Life/LTC Combo Products Are NOT Cheaper Than Stand-alone LTCi Policies

Well, depends on your definition of insightful----you sure aren't going to write asset-based LTC policies with opinions like that. Your insight will just ensure that are just missing out on the marketplace, Scott. IMO.


I won't sell a product I don't believe in.
 
I won't sell a product I don't believe in.

Yeah yeah, but it is not always about you.
I used to feel the same way years ago; however times have changed; traditional policies have had multiple rate increases and consumers are seeking guarantees. There are a significant number of consumers that will only buy hybrids. I received 4 or 5 calls today alone from such consumers. Why not accept this Scott? Help people who will only buy hybrids buy the best hybrids they can buy.

I tell my clients I own a traditional policy. This was the best choice for me. When we work with consumers though, it is about what they want not what we want.
 
Yeah yeah, but it is not always about you.
I used to feel the same way years ago; however times have changed; traditional policies have had multiple rate increases and consumers are seeking guarantees. There are a significant number of consumers that will only buy hybrids. I received 4 or 5 calls today alone from such consumers. Why not accept this Scott? Help people who will only buy hybrids buy the best hybrids they can buy.
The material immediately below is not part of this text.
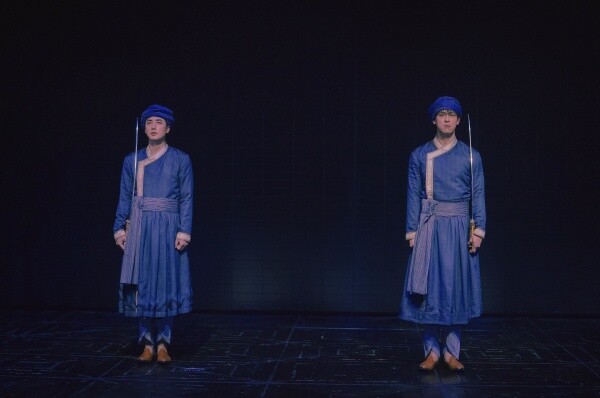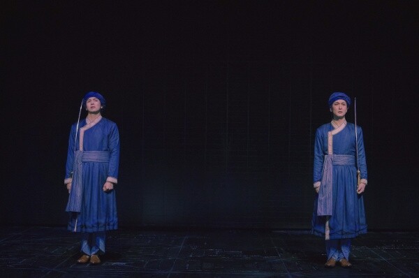2017년 초연이 미국에서 올라왔던 에이미 모튼 연출의 아틀란틱 씨어터 컴퍼니 버전을 차용했다면, 2025년에 LG아트센터 서울에서 재공연되는 <타지마할의 근위병>은 이전에 없던 새로운 옷을 입었다. 이번 공연을 맡은 신유청 연출은 과감하게 무대를 비우고, 광활한 어둠 속에 배우 두 명을 세워두었다. 언뜻 너무 커 보이는 극장은 연극이 시작하자마자 공간이 주는 힘을 한껏 발휘하는데, 높은 천장 아래서 바불이 “우리가 얼마나 작은 존재인지”를 이야기할 때 관객은 그 삶의 크기를 같이 가늠해 볼 수 있고, 휴마윤의 목소리가 벽에 부딪혀 울리면 그가 느끼는 공포가 극대화되어 다가온다.

I tell my clients I own a traditional policy. This was the best choice for me. When we work with consumers though, it is about what they want not what we want.



once I explain the rate stability regulations to them, they are not nearly as interested in the hybrid.
 
once I explain the rate stability regulations to them, they are not nearly as interested in the hybrid.

Came into my office today to write a Mass Mutual traditional policy with an annual premium of $3100; after answering the client's questions, she asked me about hybrids. Left the office with a $123,000 Lincoln application. Fact of the matter is clients love hybrids today.
 
Last edited:
Came into my office today to write a Mass Mutual traditional policy with an annual premium of $3100; after answering the client's questions, she asked me about hybrids. Left the office with a $123,000 Lincoln application. Fact of the matter is clients love hybrids today.

hey, that single pay $123K premium is the perfect policy for someone who does not understand opportunity cost or net amount at risk.
 
hey, that single pay $123K premium is the perfect policy for someone who does not understand opportunity cost or net amount at risk.

Well same benefits on a traditional policy would have cost her $6000+ year and ------even though I trust Mass Mutual to not raise her premium----her $6000 premium is not guaranteed. And she loses the "opportunity" to lose money in emerging markets and chinese stock funds in the next 15 years. Seems reasonable to me. Scott there are a lot of people with $2.0-$6.0 million net worth that do not care about intangibles such as opportunity cost. They want guarantees and they can write the check. Give people some credit. How do you define net amount at risk with non-guaranteed prdmiums?
 
Well same benefits on a traditional policy would have cost her $6000+ year and ------even though I trust Mass Mutual to not raise her premium----her $6000 premium is not guaranteed. And she loses the "opportunity" to lose money in emerging markets and chinese stock funds in the next 15 years. Seems reasonable to me. Scott there are a lot of people with $2.0-$6.0 million net worth that do not care about intangibles such as opportunity cost. They want guarantees and they can write the check. Give people some credit. How do you define net amount at risk with non-guaranteed prdmiums?


my net amount at risk, with my LTCi policy is zero.
if I need LTC, none of my assets are at risk, EXCEPT for whatever expense I incur during the elimination period and whatever expenses exceed my monthly benefit.

she has $123K at risk PLUS whatever expenses exceed her monthly benefit.